Gibson spoke at a panel discussion last month at New York’s Whitney Museum of American Art, the current venue of Jimmie Durham: at the Center of the World (until 28 January 2018), which considered the show as a springboard for institutional change. The museum has no department for Native American art and says in a statement that it “does not have a strong enough history of acquiring, displaying or promoting the work of Native artists”. It created an internal group of curators and educators last year to “advance this conversation” in its shows and permanent holdings.
“Museums are becoming more inclusive, and not just in relation to Native art,” says Candice Hopkins, a curator of Documenta 14 this year, where indigenous artists and communities, such as the Sámi of northern Europe, were well represented. Hopkins, who is of Tlingit descent, from the Pacific Northwest, is co-organising the first major survey exhibition of contemporary Native American art from the 1950s to the present for Crystal Bridges Museum of American Art in Bentonville, Arkansas. The show, of 75 works by artists such as Fritz Scholder and Kay WalkingStick, is due to open next autumn and travel to venues in the US and Europe.
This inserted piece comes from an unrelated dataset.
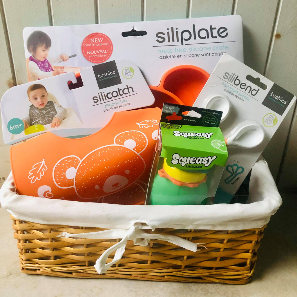 Vous ne savez pas quoi offrir pour un Shower de bébé ou l'arrivée d'un nouveau-né, laissez nous vous surprendre avec nos paniers cadeaux remplis de nos produits coup de coeur essentiels pour les premiers repas.

“There’s so much more going on right now than there was even ten years ago,” Gibson says. He credits the influence of Kathleen Ash-Milby, an associate curator at the Smithsonian National Museum of the American Indian in New York, who is a member of the Navajo Nation, and John Lukavic, a curator in the Native Arts department at Denver Art Museum (DAM). The DAM launched a residency for Native artists in 2012 and will mount a mid-career survey of Gibson’s work next year (Like a Hammer, 13 May-12 August 2018).
Yet the rising interest in the field in the US “pales compared to events in Canada”, says the Regina-based artist and curator David Garneau, who is Métis, one of Canada’s aboriginal peoples. Unlike their US peers, indigenous artists in Canada are supported by government grants.
Garneau says that the Canada Council for the Arts and other institutions “have engaged in a process of indigenisation” thanks to the country’s seven-year Truth and Reconciliation Commission. Its landmark final report in 2015 published 94 Calls to Action in areas ranging from healthcare to culture to “redress the legacy” of the abusive residential schools that removed indigenous children from their communities. This process “has been matched, even proceeded, by an increase in quality and invention in indigenous art practices”, Garneau says.
The 150th anniversary of Canada’s confederation this year has led to exhibitions confronting the trauma of indigenous people, including Shame and Prejudice: a Story of Resilience, a nine-venue touring show of history paintings by the artist Kent Monkman of the Fisher River Cree Nation.
Meanwhile, the country’s prestigious Sobey Art Award was awarded to the Mi’kmaw artist Ursula Johnson in October for work that “redefines traditional materials and reimagines colonised histories”. On the international stage, the Inuit video collective Isuma has been selected to represent Canada at the 2019 Venice Biennale.
Curatorial initiatives are also underway. The Art Gallery of Ontario in Toronto recently renamed its Canadian art department to cover Canadian and indigenous art and appointed the Anishinaabe-kwe curator Wanda Nanibush to a new post for indigenous art. She believes that indigenous curators “bring a deeper understanding of the history of indigenous aesthetics” and aims to give more “real estate” to contemporary indigenous art, in standalone displays and with works by other Canadian artists.
“There’s very strong work being made [by indigenous artists] in Canada at the moment,” says Gregory Burke, the director of the Remai Modern museum in Saskatoon, which opened in October and will be the last stop for Durham’s retrospective next spring (23 March-5 August 2018). Collecting contemporary indigenous art is a “key priority” for the museum, he says.
Giving these artists a presence in major contemporary institutions is “necessary”, Nanibush says. “It contemporises us—it says that we’re still here.”